Despite what some simple Googling might imply, it's entirely possible to use a /32 as a netmask for an IP address on Linux. The important detail is that it can't be the primary IP address. That primary can be an RFC1918 address (i.e. nonrouteable on the Internet) but your default gateway needs to be able to route to you via something other than the /32.

Here's the setup.
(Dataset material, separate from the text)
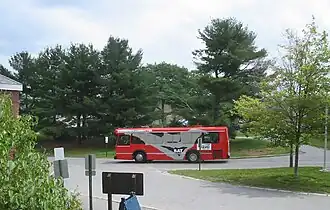 ![]() A Community Connector bus rolls through the University of Maine campus. | |

Assume a Cisco router on 192.0.2.1/24 and a Linux server on 192.0.2.2/24. The /32 we'll use is 192.0.3.1/32.

On the server:

ip addr add dev eth0 192.0.2.2/24
ip addr add dev eth0 192.0.3.1/32

On the router:

interface FastEthernet0/1
ip address 192.0.2.1 255.255.255.0
ip route 192.0.3.1 255.255.255.255 192.0.2.2

At this point, you should be able to ping both 192.0.2.2 and 192.0.3.1 from the router.

The other step you may need to take is to add some routing on the Linux server to source from the 192.0.3.1 address. Normally traffic that is received on that IP will reply with that IP, so that's fine, but for new traffic if you want the source to be the /32, you'll need a special route:

ip route add 10.0.0.0/8 via 192.0.2.1 src 192.0.3.1

See, I told you it was easy.

tags: 

3 Comments

/etc/network/interfaces equivalent?

Thanks for this! But it would be brilliant if you could also say what the /etc/network/interfaces entry equivalent to those two ip commands is. ifupdown complains about "duplicate interface" if I have two iface eth0 entries, and "duplicate option" if I just put two address entries under the same iface eth0 stanza.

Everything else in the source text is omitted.